This article delineates the main elements of the new political discourse embedded in majoritarian ideas of history, democracy and nationalism. It essentially explores the contours of politics and processes that caused a profound rupture in the political realm and maps the ways in which the discursive manoeuvres of the Hindu nationalists have been structured to establish its power and authority after the destruction of the Babri Masjid in Ayodhya in 1992.

Political Rupture

For more than six decades the Congress was the dominant pole of Indian politics. It is no longer so and is unlikely to ever regain its élan and dominance of the political system. The BJP and the Hindu right has meanwhile grown in influence as the Congress began to lose its pre-eminence in Indian politics. By the 1980s, the Congress had begun to dabble in sectarian politics to appease Muslim and Hindu groups clamouring for accommodation of their religious concerns. Rajiv Gandhi’s concession to Muslim fundamentalists in the Shah Bano affair followed by the opening up of the gates of the Babri Masjid to please the Hindu right and Narasimha Rao’s subsequent inaction in the Babri Masjid–Ram Janmabhoomi catastrophe resulting in failure to avert the demolition of the mosque contributed enormously to this denouement. The party was constrained by Rao’s approach of not confronting the BJP but also by the more widespread fear of losing Hindu votes in North India. Even though it refrained from riding the tiger of Hindu communalism, the party ended up creating a space for religious politics to play a more central role in public life. It changed the dynamics of electoral politics, what is more, the failure to take stronger action against political violence and reluctance to challenge Hindutva groups undermined its monopoly over political power.

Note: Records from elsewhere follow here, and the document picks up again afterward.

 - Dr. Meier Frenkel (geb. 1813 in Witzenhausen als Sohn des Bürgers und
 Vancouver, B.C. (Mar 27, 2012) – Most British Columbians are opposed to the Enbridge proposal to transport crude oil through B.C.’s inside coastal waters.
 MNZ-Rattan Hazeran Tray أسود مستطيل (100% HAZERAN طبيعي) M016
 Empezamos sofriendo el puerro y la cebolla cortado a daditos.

The end of Congress dominance paved the way for the emergence of the BJP’s brand of majoritarian politics as increasing numbers of middle-class Hindus bought into the idea that the Hindu majority has been denied its rightful importance in the public sphere. The BJP’s campaigns in this context were designed to produce an image of Hindus suffering at the hands of minorities.

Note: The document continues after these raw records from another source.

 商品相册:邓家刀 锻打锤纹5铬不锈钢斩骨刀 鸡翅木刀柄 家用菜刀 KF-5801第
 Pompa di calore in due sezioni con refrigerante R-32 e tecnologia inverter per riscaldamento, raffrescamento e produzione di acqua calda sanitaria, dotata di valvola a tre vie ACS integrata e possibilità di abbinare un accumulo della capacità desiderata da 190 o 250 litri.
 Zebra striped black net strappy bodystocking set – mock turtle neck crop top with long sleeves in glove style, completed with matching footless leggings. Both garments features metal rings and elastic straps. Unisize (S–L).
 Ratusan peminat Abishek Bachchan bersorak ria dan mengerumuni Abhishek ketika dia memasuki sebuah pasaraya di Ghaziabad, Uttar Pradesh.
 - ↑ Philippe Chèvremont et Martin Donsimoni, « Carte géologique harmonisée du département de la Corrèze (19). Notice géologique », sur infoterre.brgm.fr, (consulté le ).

Although the penchant to make India Hindu is not a new phenomenon in Indian political life, it had met with stiff resistance in the 1950s and 1960s; it was blocked by the focus of the state, influential political parties and the left and liberal minded middle classes on secularism and economic development. The post-Independence concept of India as a nation was based on civic rather than ethnic identity—and indeed much of its progress in its first 50 years was closely tied to its preservation of diversity and cultural heterogeneity. India intended to set itself apart from Pakistan—which effectively committed itself to being a state for Muslims—by adopting secularism and pluralism as its governing platform. Jawaharlal Nehru garnered support by building a consensus on the goals of state-led economic development and social transformation. He believed in inclusive nationalism and scrupulously avoided defining the nation in terms of the majority community, whereas Hindu nationalists, Rajeev Bhargava (2003) argues, harbour “a belief in a distinctive and exclusivist variant of nationalism that aims to establish a strong, united Hindu nation…”

Defining Moment

The defining moment in the breakdown of the secular consensus occurred with the demolition of the Babri Masjid on 6 December by a large crowd of Sangh Parivar activists in brazen disregard of the stay order of the Supreme Court. The violence that followed killed thousands of people across the country and displaced even more in its aftermath. This was the climax of a political movement designed to assert the supremacy of the Hindu majority. Constitutionally, it dealt a major blow to the mixing of religion and politics; it opened up the prospect of changing both the ideological discourse and institutional politics in favour of majoritarian idea of India as Hindu nation, quite contrary to the pluralist, non-parochial idea of India. Most South Asian states chose to define themselves in terms of their dominant faiths, whilst in India “political virtue was synonymous with pluralism”, celebrating its religious diversity, “and insisting that India despite its huge Hindu majority was not a Hindu nation,” notes Mukul Kesavan (2015).But this has changed.

The demolition of the mosque was an inflection point that caused this rupture. As an act of political aggression it stands testimony to the mobilisational power of religious identities in shaping the politics of right-wing nationalism, the growing importance of majority sentiment in politics and public affairs and the systematic way in which priority has been given to these interests. Any separation of religion and the state always weak is now even weaker; consequently, sectarian politics has gained new adherents.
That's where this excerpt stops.